How do we fictionalize this?

If we step back, the Pandemic of 2020 looks like a badly written novel. If you had composed this a decade ago, would anyone have believed it? America having the worst outcome in the world? The CDC losing face? 200,000 deaths? This would be a made for TV movie or hack novel at best.

I asked myself again, how do we fictionalize this?

So as I stared into this abyss of the unexpected, I’ve come to a few shaky conclusions. Perhaps this is in my own head as I try to cope with the insights as well as the Pandemic.

First, I don’t expect to see “Pandemic In Fiction” as a theme for awhile. We’re still in the middle of it, and crass and exploitative as some media is, I don’t see this becoming widespread. Also we’re sick of it, and there’s little market for it when you’re living it.

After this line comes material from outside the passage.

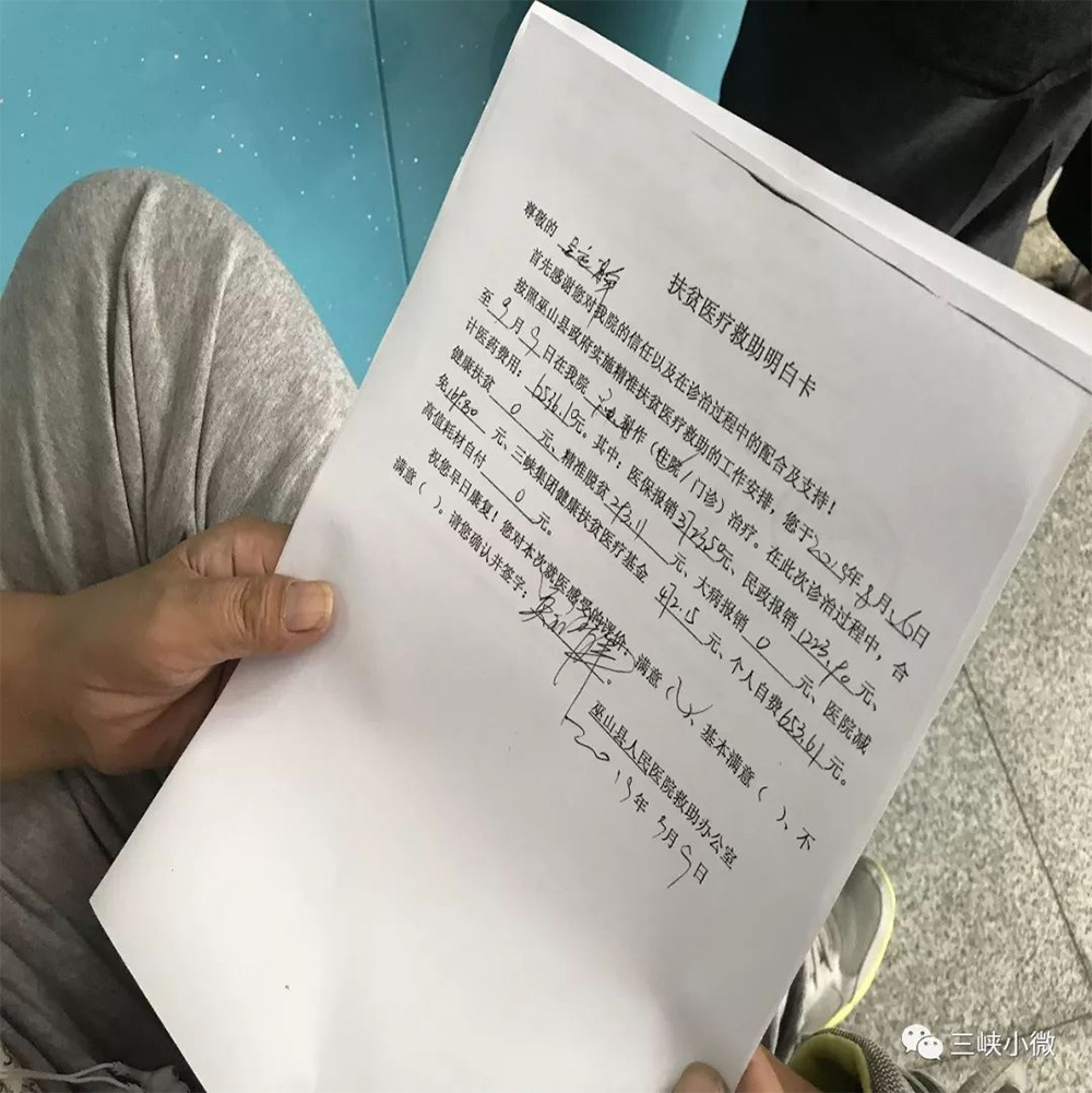 原來,在巫山、奉節,貧困患者完成“一站式”結算時,會在“扶貧醫療救助明白卡”或者收據單據上發現一欄“三峽集團健康扶貧醫療基金”/“三峽集團(縣級)醫療救助”。這是三峽集團為建檔立卡貧困人口提供的“兜底”保障。建檔立卡貧困人口到縣內定點醫療機構住院就醫產生的醫療費用,通過‘五重保障’減免報銷后,如果還有超過總費用10%的錢需要繳納,超出的部分就由三峽集團提供的基金金兜底救助,確保患者自付比例控制在總費用的10%以內,大大減輕了貧困患者的經濟負擔。

Second, I expect any fictionalization of the Pandemic of 2020 will be politicized or seen as politicized. You can tell the most honest researched story, and some hack pundit will decry it for hits and to push products. In time this may pass, but not for a few years.

Third, I expect to see many a fiction piece that are political fiction of the Pandemic of 2020. Some will indeed have agendas, pundit ranting aside, and you can expect plenty of apologia and non-apologia. It is my hope this is minimized in the face of harsh reality, because even if I agree, crass fictionalization of important things may not do any good.

Fourth, I expect fictionalization of the Pandemic will have no middle ground. It will be done in wild metaphor or fantastical parallels in world of magic and science fiction – or it will be tales based on real life. The uncomfortable middle ground where we mix hard fact and big dreams will be too ambiguous, too uncomfortable. We’ll want the abstract fantastical – or the painfully familiar – because that middle ground is where speculation runs and harsh truths emerge.

We’re ready for Godzilla and Alien Plague, or for two people at a coffee shop decrying the state of life. We’re not ready for fiction with enough fact that the speculation cuts us.

The near future of Pandemic Fiction is going to be not much different than we have now, a mess of politics and agendas, the fantastic and the on the nose, and people arguing over it. It is my hope in time we can confront our experiece and our history with the power of imagination, but for the short-term I fear a muddle is where we’re headed.

May we reduce the time we’re in that muddle so our writing may clearly illuminate the human experience, our lessons, our losses – and those responsible. Because we’re doing it half-assed now.